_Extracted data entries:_
=== Begin Enclosure ===

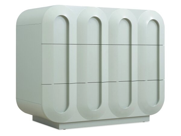 Curved-front accent chest in a deep midnight finish with champagne pulls and three drawers for tidy storage. A dramatic transitional storage piece that can double as a nightstand.
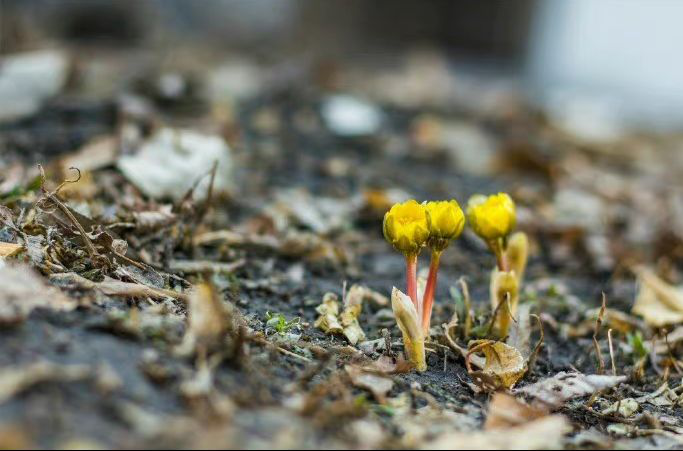 四月的哈尔滨,空气夹杂着春意的湿味,校园丛树一隅,冰凌花绽放着嫩黄色的花蕾,透过云朵儿倾洒的缕缕暖阳,使校园多了份春色。
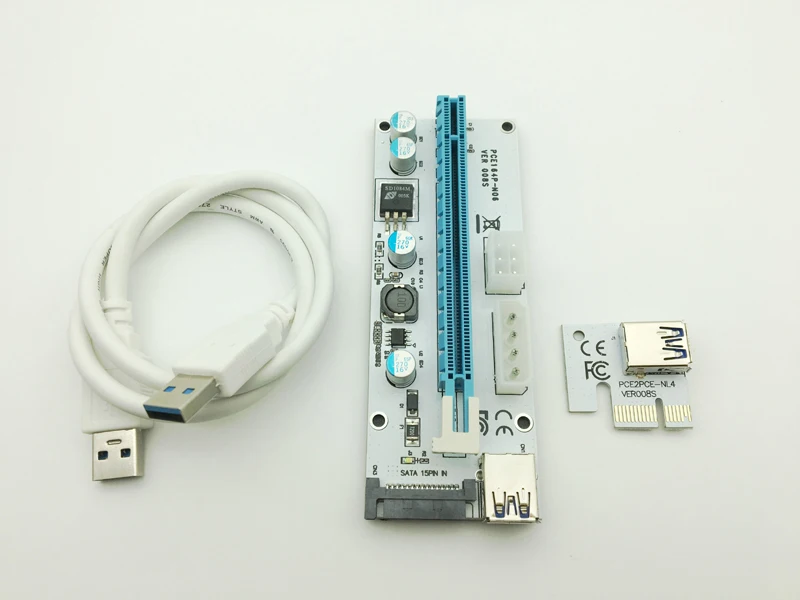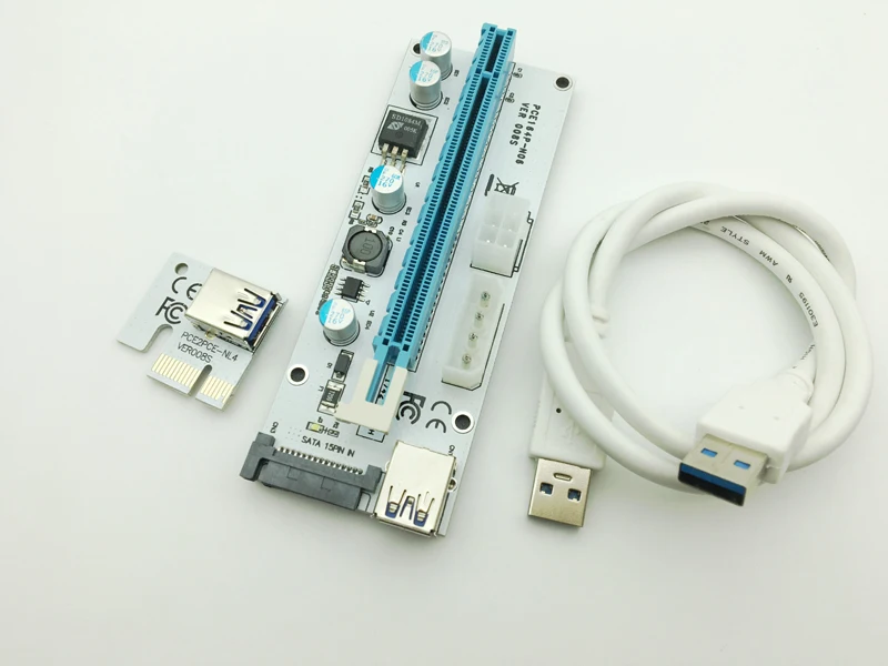 VER008S-Tarjeta elevadora 3 en 1 Molex, 4 pines, SATA, 6 pines, PCIE, PCI-E, PCI Express, 1x a 16x, Cable USB 3,0 para minería BTC
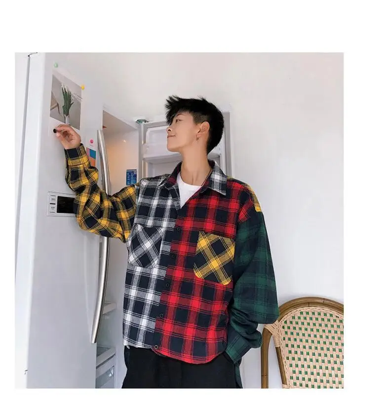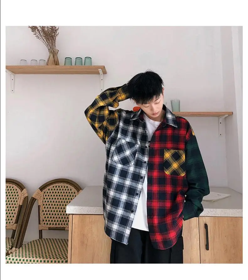 Осенняя Корейская версия, трендовые клетчатые цветные рубашки, мужские Асимметричные повседневные свободные хип-хоп мужские рубашки с длинным рукавом, уличная одежда
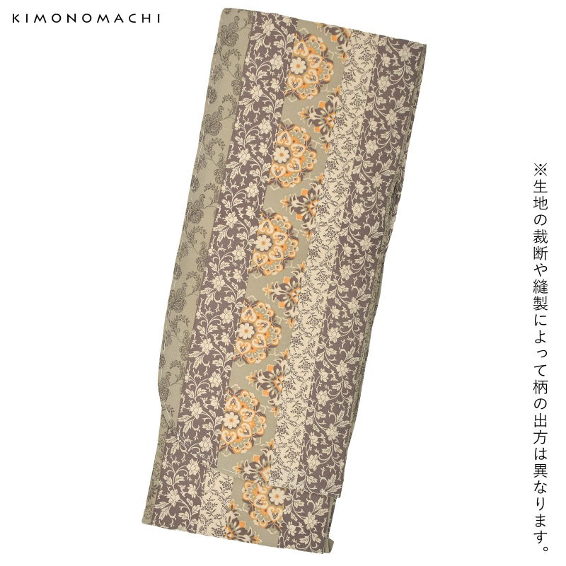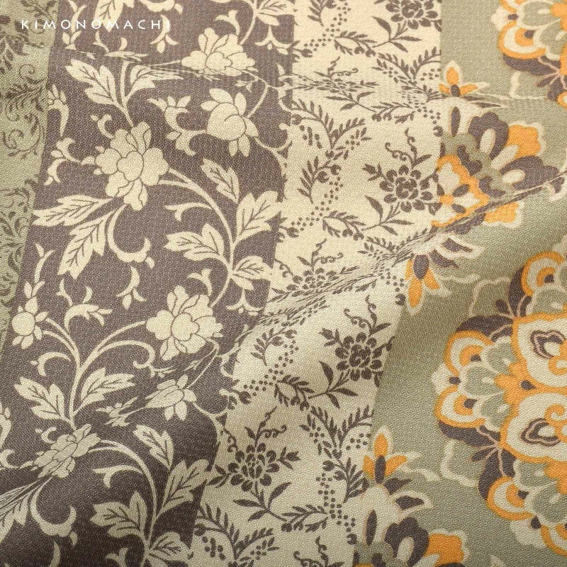 細かな地模様のある生地。全体的にグレイッシュな色合いのカーキ、ベージュ、薄茶色の縦縞。その中に浅い山吹色の挿し色が入った大きな華紋や、桃唐草、ペイズリー風の草花など様々な唐草文様。落ち着いた色合いの中に、オリエンタルな魅力溢れるデザインです。裏地は白。
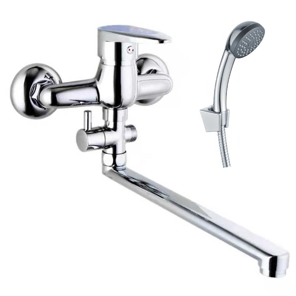 смеситель ванно-душевой с душевым гарнитуром и цветной ручкой (синяя)
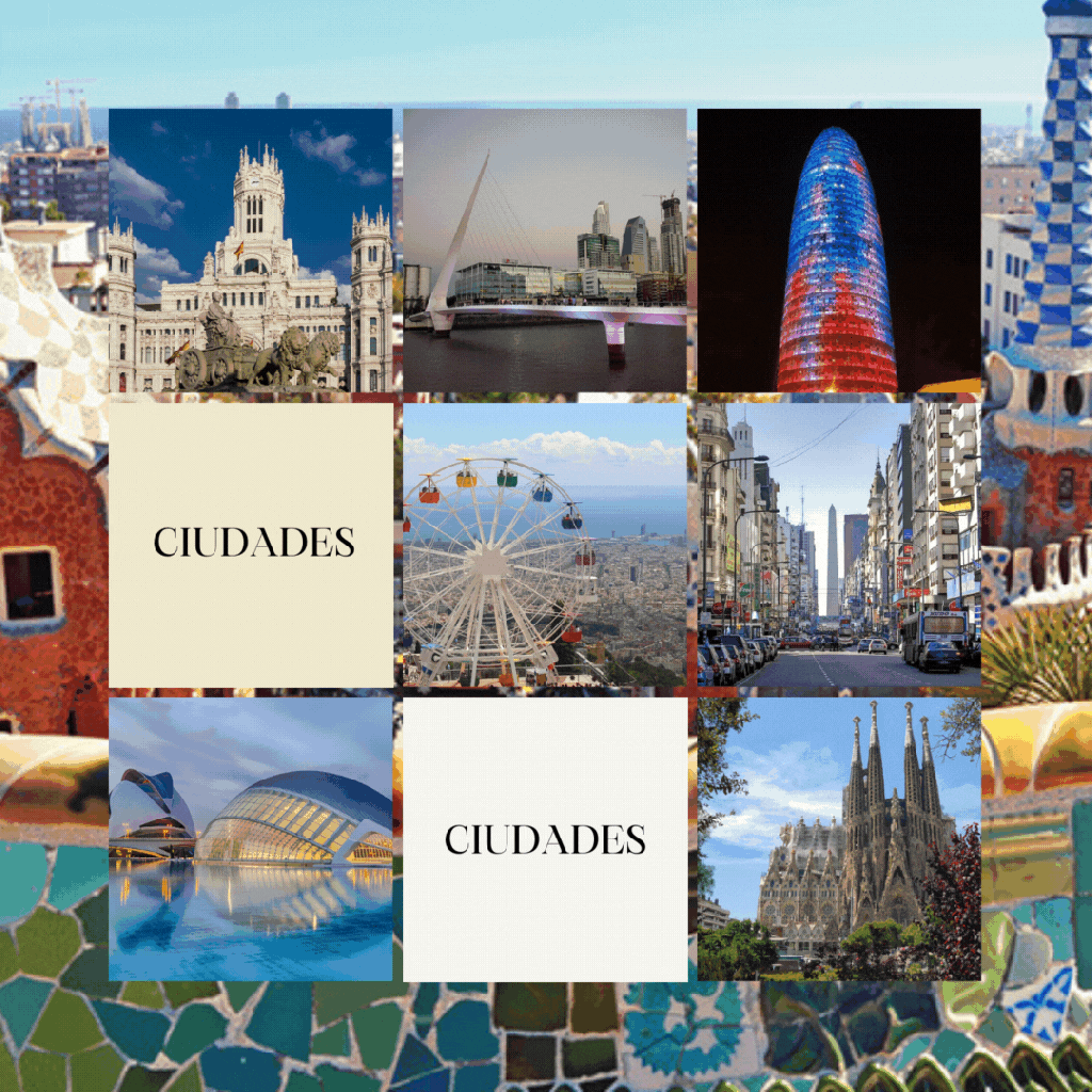 Pincha en las diferentes imágenes para acceder a las diferentes secciones: la ciudad y su vocabulario, el itinerario (preguntar su camino), el vocabulario de los servicios y las tiendas así como algunas ciudades importantes.

=== End Enclosure ===

_Work to be completed:_
When the line containing "смеситель ванно-душевой с" is reached, write out that line and each one after it exactly, ending with the last line of the records; pictures are not copied.

_Result for this task:_
 смеситель ванно-душевой с душевым гарнитуром и цветной ручкой (синяя)
 Pincha en las diferentes imágenes para acceder a las diferentes secciones: la ciudad y su vocabulario, el itinerario (preguntar su camino), el vocabulario de los servicios y las tiendas así como algunas ciudades importantes.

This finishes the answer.